Task: Work through the listing below and give again exactly the lines from the one with "Refined rounded lace-up" to the one with "mês de junho.", both ends included. All other lines and all pictures stay out.

##### Recorded data #####

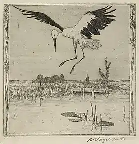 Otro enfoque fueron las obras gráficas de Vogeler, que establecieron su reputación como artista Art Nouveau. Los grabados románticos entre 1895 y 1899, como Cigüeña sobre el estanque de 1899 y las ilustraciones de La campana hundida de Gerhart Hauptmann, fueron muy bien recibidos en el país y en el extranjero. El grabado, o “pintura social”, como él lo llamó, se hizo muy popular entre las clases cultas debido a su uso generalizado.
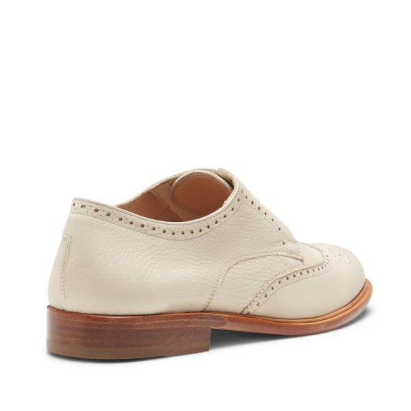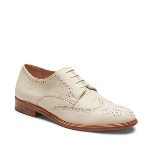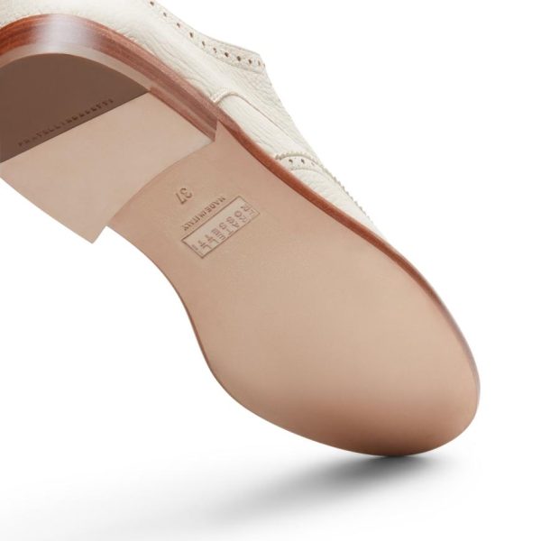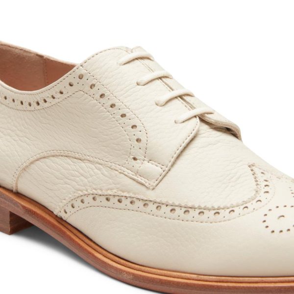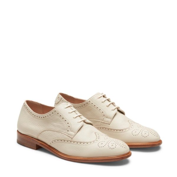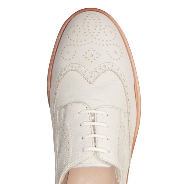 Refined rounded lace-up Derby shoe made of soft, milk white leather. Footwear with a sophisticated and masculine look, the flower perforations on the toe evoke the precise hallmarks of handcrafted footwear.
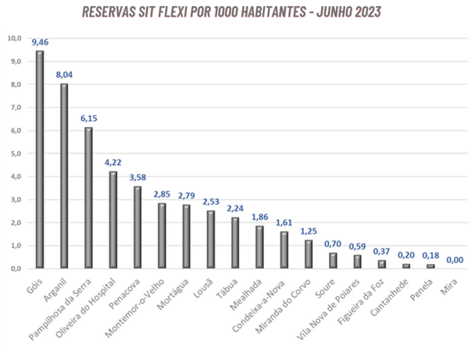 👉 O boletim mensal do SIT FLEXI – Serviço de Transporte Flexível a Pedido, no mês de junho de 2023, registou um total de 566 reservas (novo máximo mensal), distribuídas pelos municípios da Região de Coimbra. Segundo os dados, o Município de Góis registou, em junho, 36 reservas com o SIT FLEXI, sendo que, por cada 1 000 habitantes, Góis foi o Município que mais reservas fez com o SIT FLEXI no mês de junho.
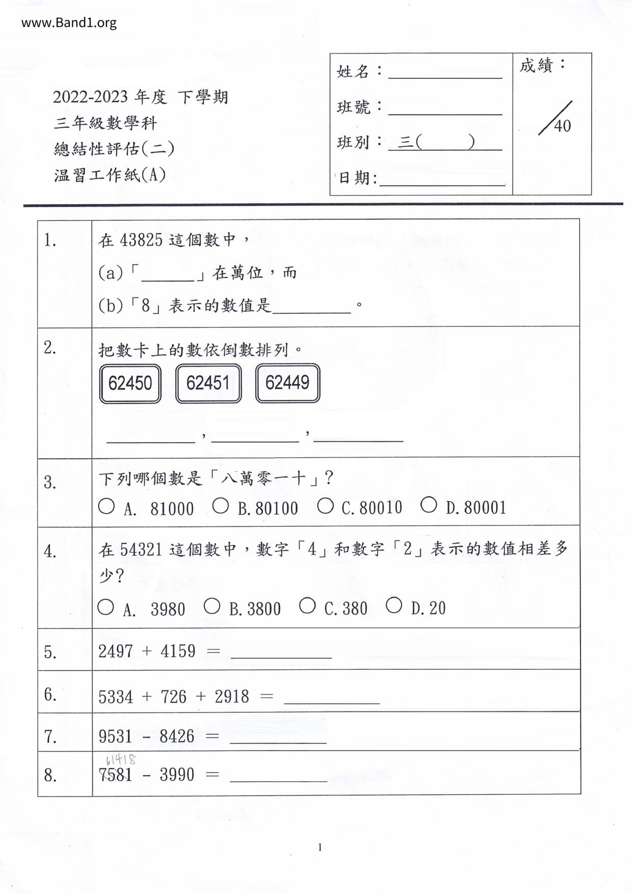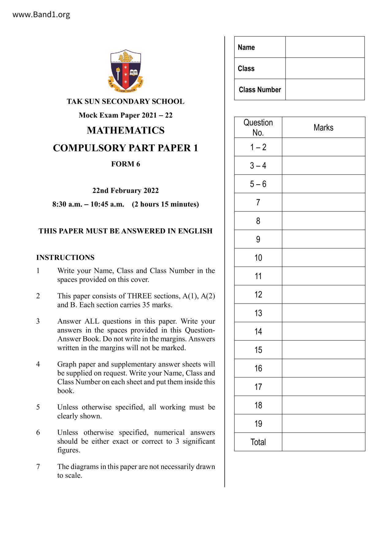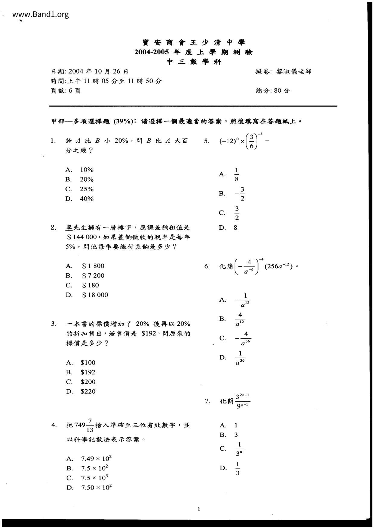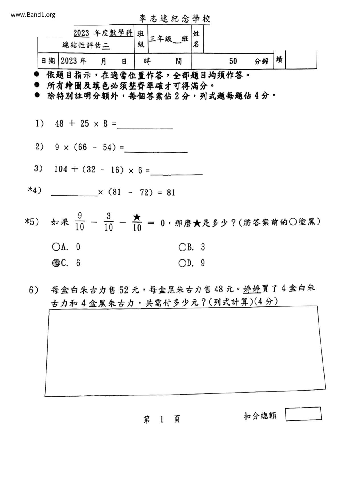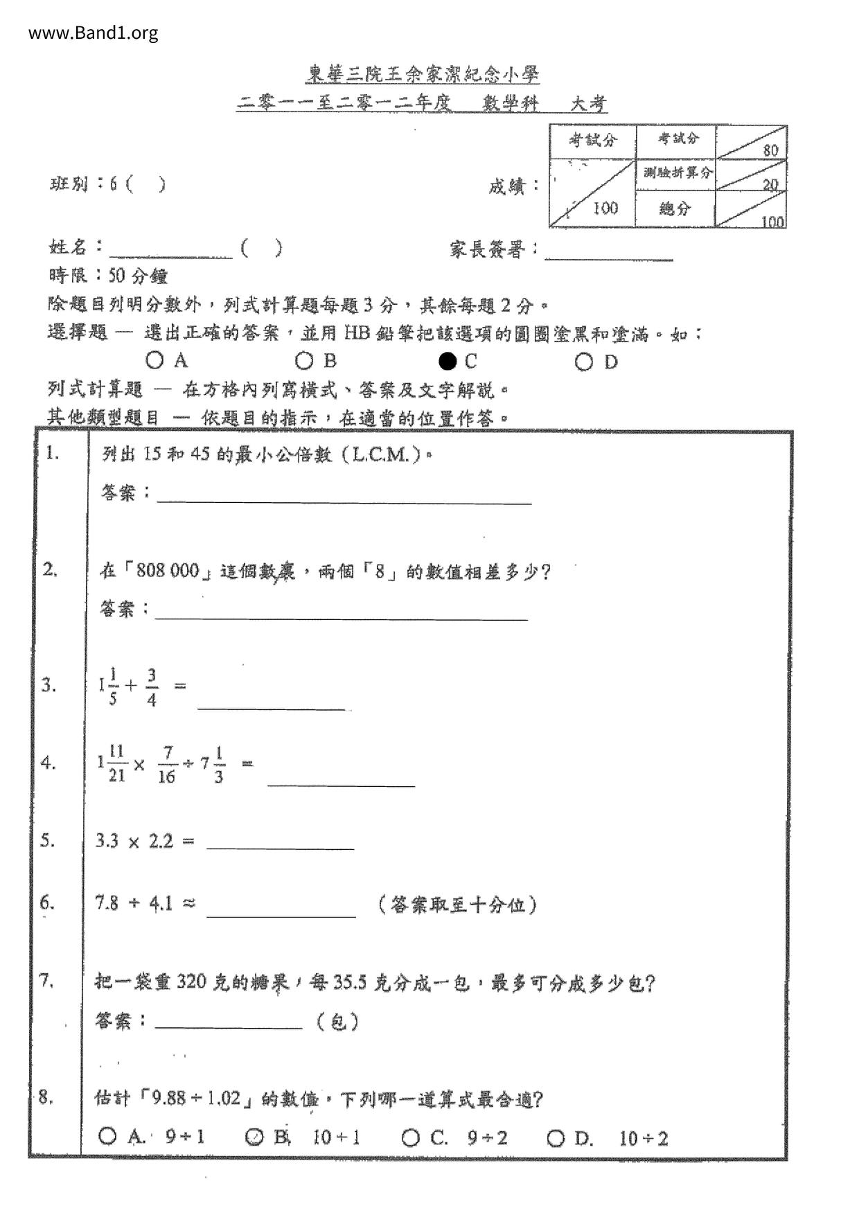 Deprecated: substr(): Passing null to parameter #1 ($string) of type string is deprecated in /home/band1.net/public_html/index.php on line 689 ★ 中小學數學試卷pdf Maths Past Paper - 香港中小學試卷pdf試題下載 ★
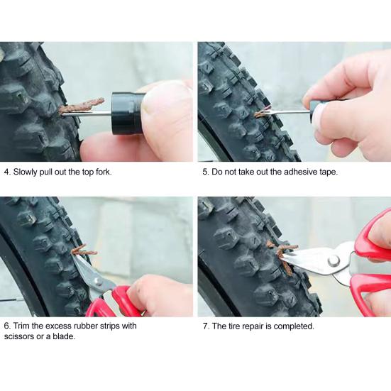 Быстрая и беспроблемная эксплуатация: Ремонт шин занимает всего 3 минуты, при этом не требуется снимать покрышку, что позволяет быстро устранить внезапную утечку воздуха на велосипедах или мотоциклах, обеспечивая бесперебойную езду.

#####

Answer box:
 Refined rounded lace-up Derby shoe made of soft, milk white leather. Footwear with a sophisticated and masculine look, the flower perforations on the toe evoke the precise hallmarks of handcrafted footwear.
 👉 O boletim mensal do SIT FLEXI – Serviço de Transporte Flexível a Pedido, no mês de junho de 2023, registou um total de 566 reservas (novo máximo mensal), distribuídas pelos municípios da Região de Coimbra. Segundo os dados, o Município de Góis registou, em junho, 36 reservas com o SIT FLEXI, sendo que, por cada 1 000 habitantes, Góis foi o Município que mais reservas fez com o SIT FLEXI no mês de junho.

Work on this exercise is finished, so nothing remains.